В один счастливый для меня день Ламбспринк разрешил нам осмотреть внутренность своей машинерии. Через боковую дверь мы вошли в зал, находящийся под автоматами, и увидели сложнейшую систему зубчатых колес. Конечно же, там было тесно и мрачно, но все эти чудеса произвели такое потрясающее впечатление на мое юное воображение, что сегодня мне кажется, будто я тогда посетил одну из темниц, которые через какие-то две сотни лет изобразит на своих гравюрах Джамбаттиста Пиранези. Это была необычайно сложная система рычагов и приводных ремней, вращавших деревянные шкивы и шестерни, в то время как подвешенные грузы уравновешивали некий часовой механизм, похожий на медленно крутящийся ворот. То, что мне предоставили право лицезреть таинственный механизм, приводящий в движение все это архитектурное великолепие, погрузило меня на долгие недели в состояние, которое я не могу описать иначе, как словами: возбуждение, восторг, восхищение чудом и – уже тогда – любовь к познанию. Хотя в то время я, конечно, не осознавал, что между мастерской метра Ватгейма, феерическими сказками моей, тети Эльзбеты и «Церемониалом величественных фигур» Ламбспринка ткалась сеть внутренних совпадений, подготовивших меня к тому, чтобы открыть себя таким, каким желала меня видеть моя собственная судьба, которая вскоре должна была вывести меня на мой жизненный путь. Ничто не поколеблет моего убеждения в том, что уже с той поры моего несуразного детства я был окончательно предназначен.
Во всем остальном я был обыкновенным мальчиком. Домашний учитель занимался моим воспитанием. Я усваивал его уроки со значительным отставанием от программы. И дело вовсе не в том, что я был ленив и невнимателен, просто мне было чрезвычайно тяжело согласиться с тем, что все, чему меня научали, имело смысл. Игра и чудеса так сильно занимали мое воображение, что и древние греки, и латиняне казались мне плодом воображения ученых-схоластов. По-настоящему я увлекался только рисованием и долгие часы проводил с карандашом в руках, воспроизводя на бумаге все, что попадалось мне на глаза. Что же касается арифметики, астрономии, то разве это не выдумка арабов? Правда, нескончаемые уроки по богословию, которыми меня щедро пичкали, иногда погружали меня в состояние крайней задумчивости. Там гораздо больше говорили о борьбе Лютера против Рима, нежели о Боге, не забывая, впрочем, силлогизмов, вышедших еще из стен Сорбонны. Это была претенциозная дребедень, где все смешалось, где все было опрокинуто вверх ногами и дном. Я выбирался из-под нее, словно из-под обломков землетрясения, весь всклокоченный и с полными волосами штукатурного мусора.

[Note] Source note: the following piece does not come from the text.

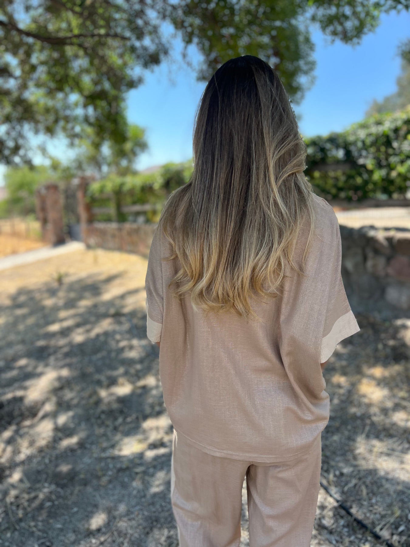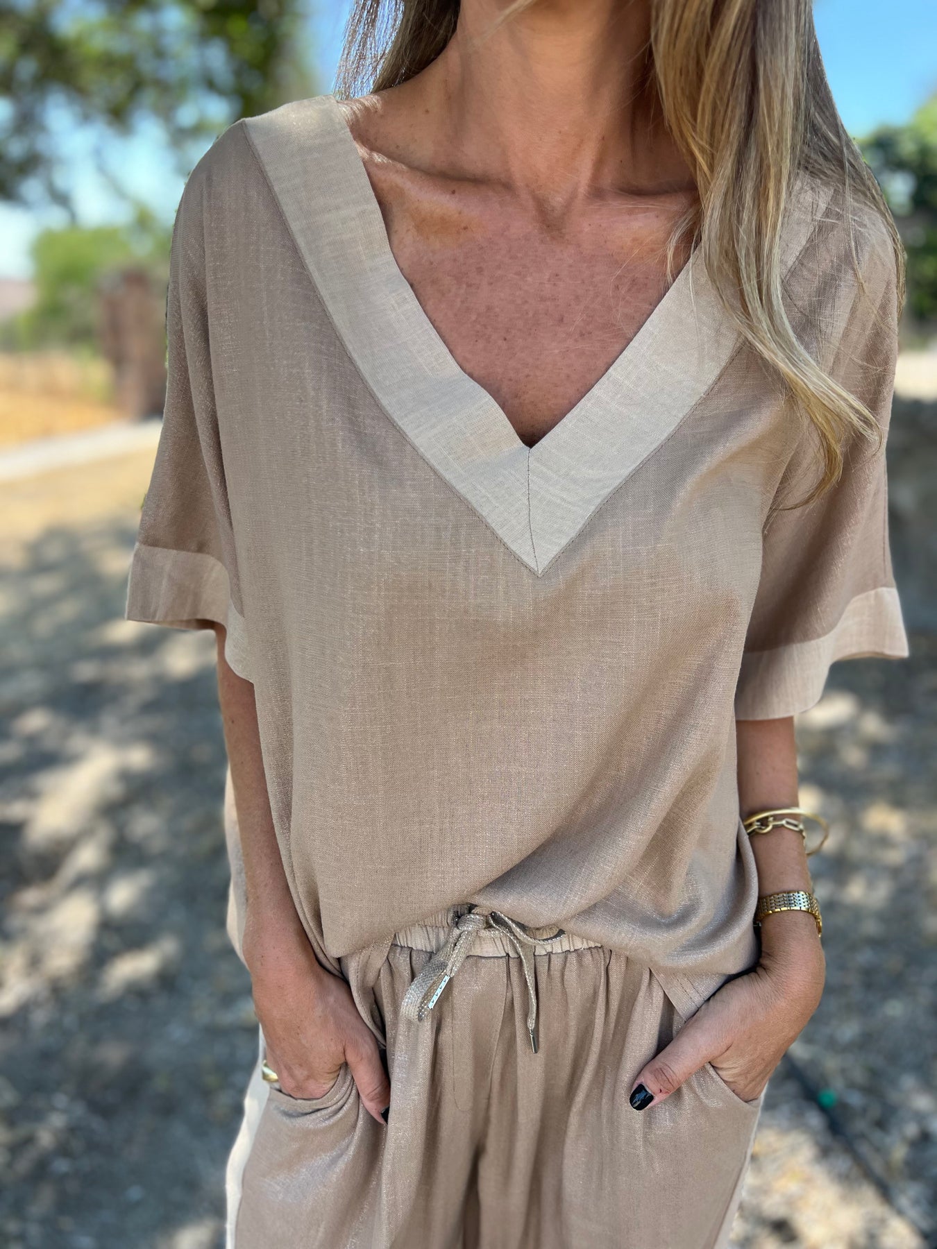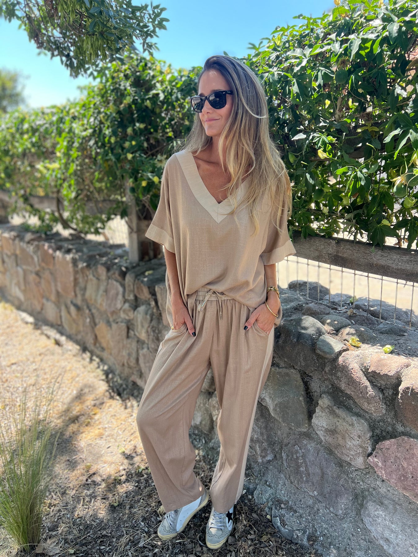 Pantalon de linoto delgado con brillos sutiles y cintura elasticada y bolsillos.

Дело в том, что, хотя мы этого и не осознавали, мы жили в то время, когда уже наступал конец предыдущего света. Иисус еще был основой, на которой строились все рассуждения, и их вершиной, но вольнодумцы, философы, ученые уже не произносили Его имя с должным почтением. Только имя Бога еще пользовалось авторитетом, но вспоминали они о Нем лишь для того, чтобы бросить Ему вызов, обсудить Его, заключить в клетку той или иной системы. Вера нашего детства уходила в небытие. Реформация была не только бунтом против наместника святого Петра, а и выражением созревшего человеческого свободомыслия и той ответственности, которую оно предполагало. Мы добровольно выбрались наружу из своего слишком уютного гнездышка и начали чувствовать холод. Неистовая склонность торговать, которая так ярко характеризует ту эпоху, возникла, безусловно, из потребности двигаться, спорить, обмениваться – в обществе, которое уже стало разлагаться от нестерпимого одиночества бытия. Таким образом, для моего дяди Майера Библию в конечном счете заменили его бухгалтерские книги. Это была новая манера молиться. И вот, когда мне исполнилось пятнадцать, он решил, что я должен готовиться к тому, чтобы стать его наследником. После того как в апреле скончалась моя мать, он предложил мне отправиться в Венецию, где меня ожидал мой брат Альберт. Я выехал из Франкфурта в июле сопровождаемый моим учителем герром Фушем и наставлениями моей тети. Именно тогда я осознал, что у меня не было детства.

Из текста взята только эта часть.